Hot Issues in Area H

What are your concerns? Ben wants to listen and learn.

Send your thoughts or questions to Ben HERE, and he will get in touch.

The CVRD’s Budget for 2021

The Cowichan Valley Regional District has a budget totalling $100.4 million in 2020, which it uses to support the 178 distinct services that it provides to its four municipalities and nine electoral areas. Every year it invites our ideas as it updates its five-year financial plan, including both operating and capital budgets. 

What should the CVRD be spending our money on? Its staff are currently seeking residents’ input on its 2021 budget. You can share your thoughts on the PlaceSpeak platform, where there is also a survey. You have to log in to Placespeak, but it’s worth the effort, since the CVRD does other community consultations there.

Water Security in Area H

Here are Ben’s thoughts about water security in our region.

And here is the link to the report that Ben refers to:

Climate Projections for the Cowichan Valley Regional District.

Your own thoughts? Contact Ben here.

Modernization of the CVRD’s OCP

Area H has an Official Community Plan (OCP) that is 35 years old. That’s w-a-a-a-y out of date.
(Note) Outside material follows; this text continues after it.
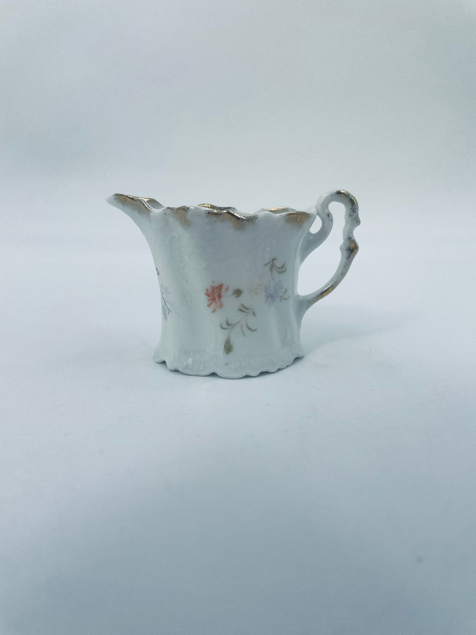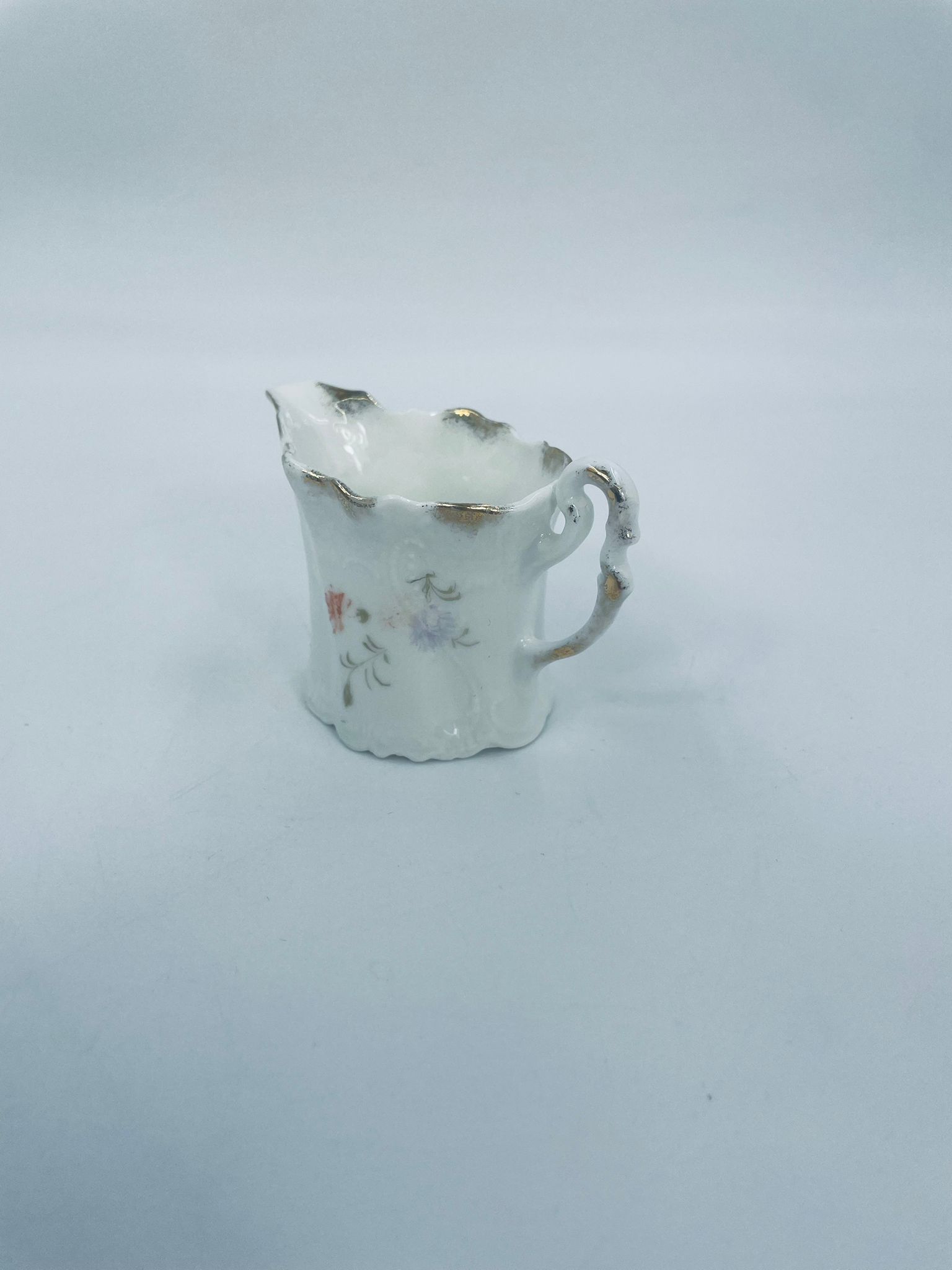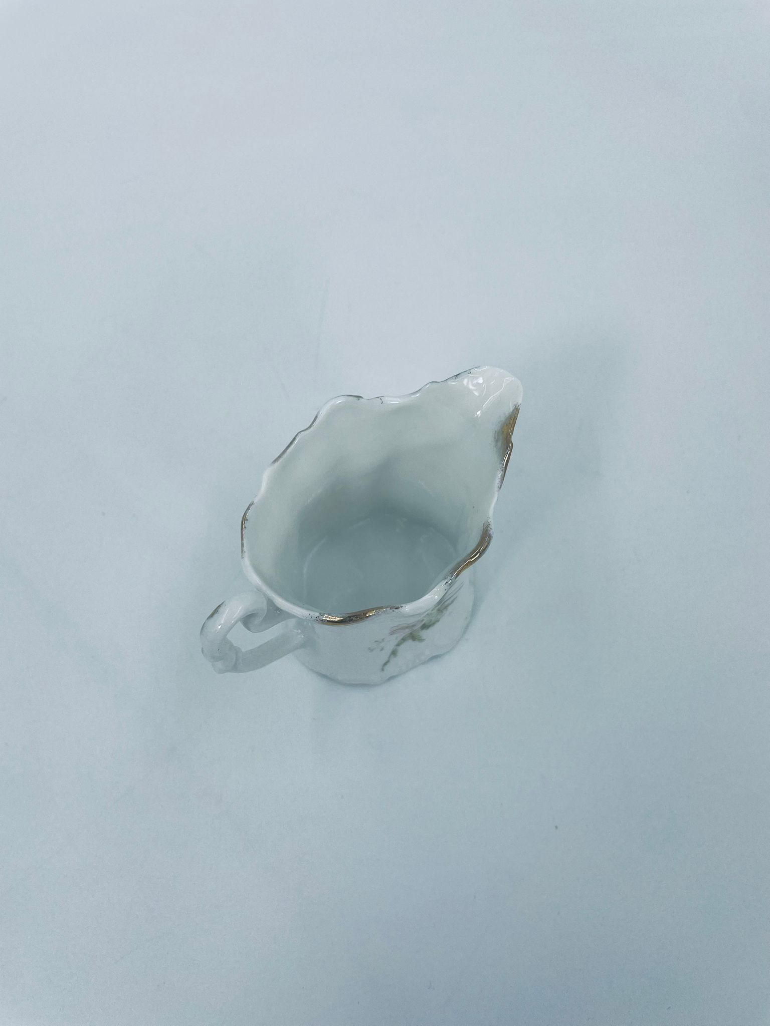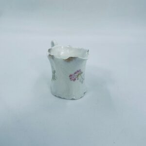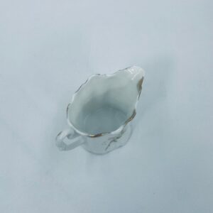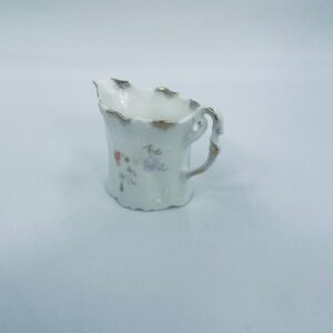 Mały dzbanuszek na mleko/ śmietankę wytwórni Weimar Germany, wykonany z wysokiej jakości białej porcelany. Dzbanuszek z ręcznie malowanymi wzorami kwiatowymi, falistymi krawędziami ze złotymi akcentami oraz reliefami.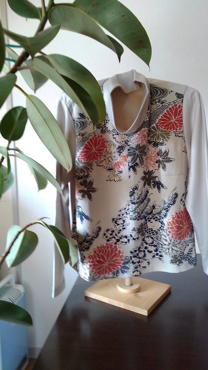 出来上がり寸法. バスト98 着丈56 袖丈55 襟の高さ7 ■使用生地 毛100% プリント部分絹100% ■生地原産国 日本

In response, the CVRD has been harmonizing the various different OCPs for all of Areas A to H.

They will soon start a community-driven process to modernize the OCP for the CVRD as a whole.

Then they will turn to Area H, and start a community-driven process to create a Local Area Plan.
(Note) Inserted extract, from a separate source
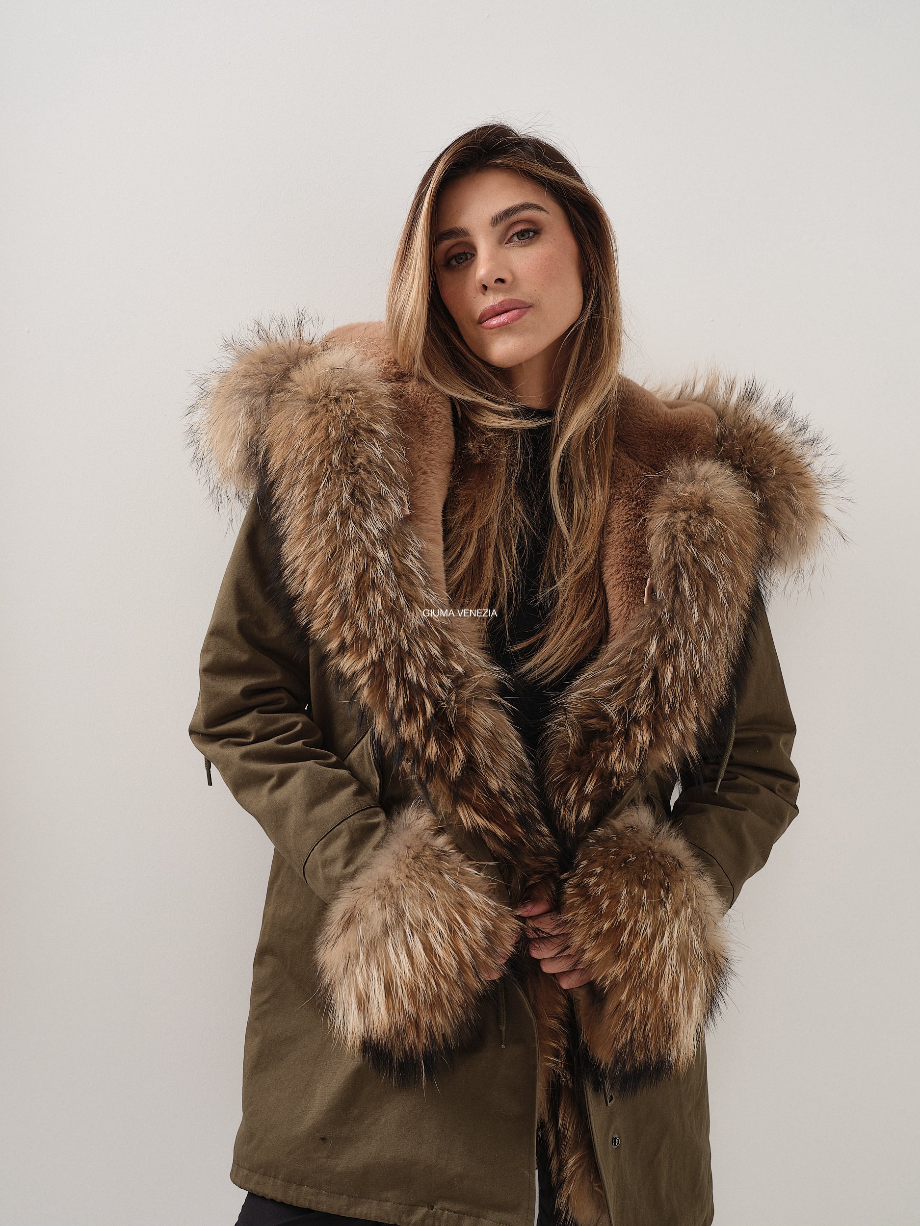 Technical waterproof cotton parka with real raccoon fur on collar, front, and cuffs, removable teddy lining inside. Zip closure.

As part of this plan, they will look at the existing Development Permit Areas (DPAs), and work with local residents to consider what’s needed to protect our landscape, the forest, our needs for housing, businesses and work, and our way of life.

Here is the CVRD website where you can learn more details. Also here.

The Schnitzer Steel Fire and the Cassidy Aquifer

The fire as it was burning. Photo from Nanaimo News Now

What are your thoughts? Here’s some food for thought:

The fire as it was burning, from BC Local News


From Island Health

The Cassidy Aquifer, from a geology student at VIU

Aho Road – Security of Woodley Range Ecological Reserve and Local Residents

Residents who live at the end of Aho Road, next to Woodley Range, love that they live immersed in the wonders of Nature – but they hate that some people abuse the quiet and privacy of the area to camp illegally, cause trouble, and start fires.

Fire in September 2020: CHEK NEWS

Local residents have been seeking approval from the Ministry of Transportation and Highways to install a gate across the road, to prevent vehicular entry except for residents, but so far without any success. What do you think needs to happen? Send your thoughts HERE.

The end of Aho Road, above the Chuckwagon Store

The Yellow Point Trail

The Yellow Point Ecological Society is promoting the need for a safe multi-purpose trail along Cedar Road and Yellow Point Road that will enable our children to cycle and walk safely to school, and enable all of us to enjoy walking, cycling and riding horses without fear of being hit by a speeding car. They have received support for the proposal from the Regional District of Nanaimo, the CVRD, Paul Manley MP, Doug Routley MLA, School District 68, and local businesses, and they are now in the process of forming a Joint Management Committee with the two Regional Districts to advance the project. Here are details of the project, and here’s a map of the proposed route. What do you think? Send your thoughts HERE.

Communications in Area H

I have heard many people say that we need better communications in Area H, in addition to the great service that Take 5 Magazine provides each month.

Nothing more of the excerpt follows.